#### [Task objective]
Your copy of the lines below must match them exactly and contain no images.

BEGIN Information provided

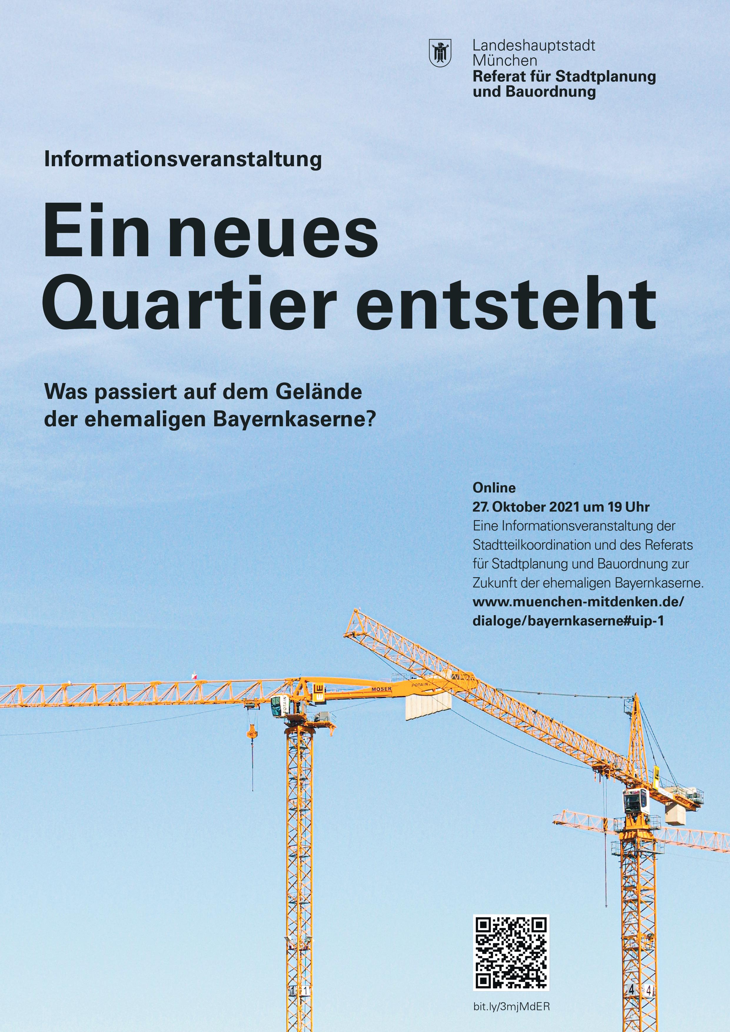 Am Mittwoch, den 27.10.2021, können Sie ab 19.00 Uhr unter folgendem Link online an der Bürgerinformationsveranstaltung zur Bebauung der Bayernkaserne teilnehmen:
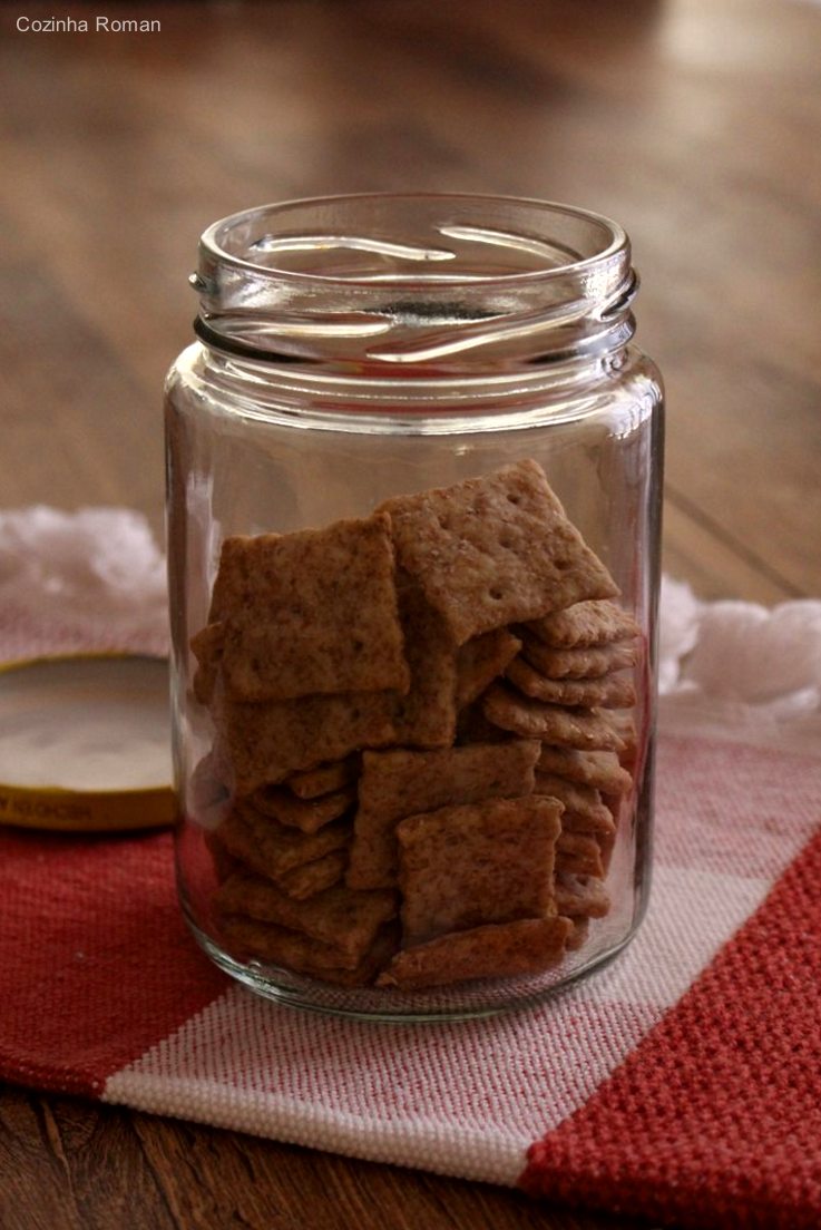 Abra a massa em uma superfície enfarinhada, fure e corte no formato desejado. Transfira para uma assadeira (não precisa untar) e leve ao forno aquecido a 180C até que dourem. Espere esfriar antes de guardar em um pote de vidro.
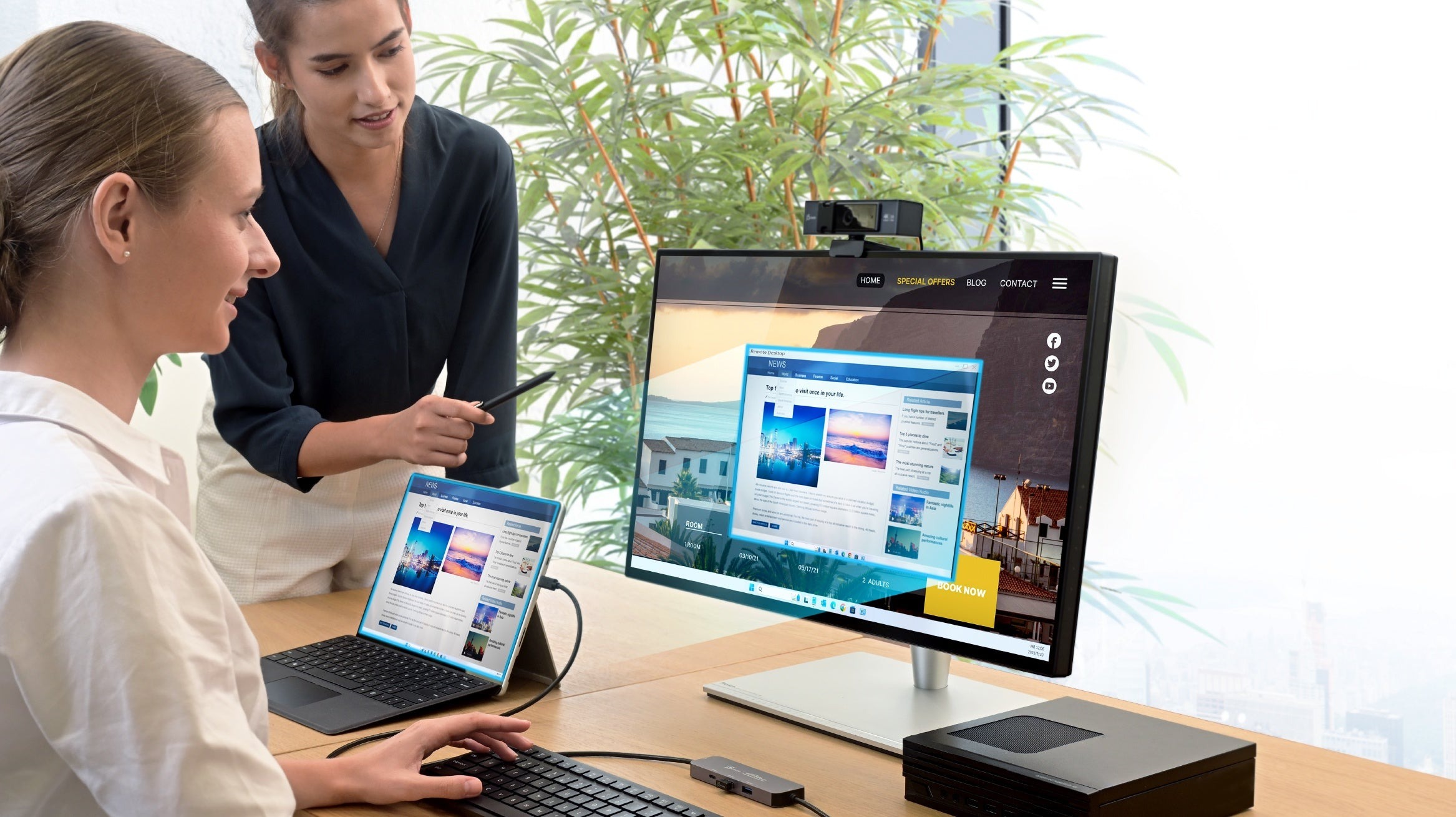 Цей хаб також підтримує спільний доступ до екрана, що дозволяє без зусиль розширювати або дублювати екрани між двома пристроями Windows®. Він також підтримує віртуальний мультитач, жести Windows® і стилус при використанні з планшетом із сенсорним екраном, що підвищує продуктивність і загальний комфорт роботи з сенсорним екраном.

END Information provided

#### [Answer to the exercise]
 Am Mittwoch, den 27.10.2021, können Sie ab 19.00 Uhr unter folgendem Link online an der Bürgerinformationsveranstaltung zur Bebauung der Bayernkaserne teilnehmen:
 Abra a massa em uma superfície enfarinhada, fure e corte no formato desejado. Transfira para uma assadeira (não precisa untar) e leve ao forno aquecido a 180C até que dourem. Espere esfriar antes de guardar em um pote de vidro.
 Цей хаб також підтримує спільний доступ до екрана, що дозволяє без зусиль розширювати або дублювати екрани між двома пристроями Windows®. Він також підтримує віртуальний мультитач, жести Windows® і стилус при використанні з планшетом із сенсорним екраном, що підвищує продуктивність і загальний комфорт роботи з сенсорним екраном.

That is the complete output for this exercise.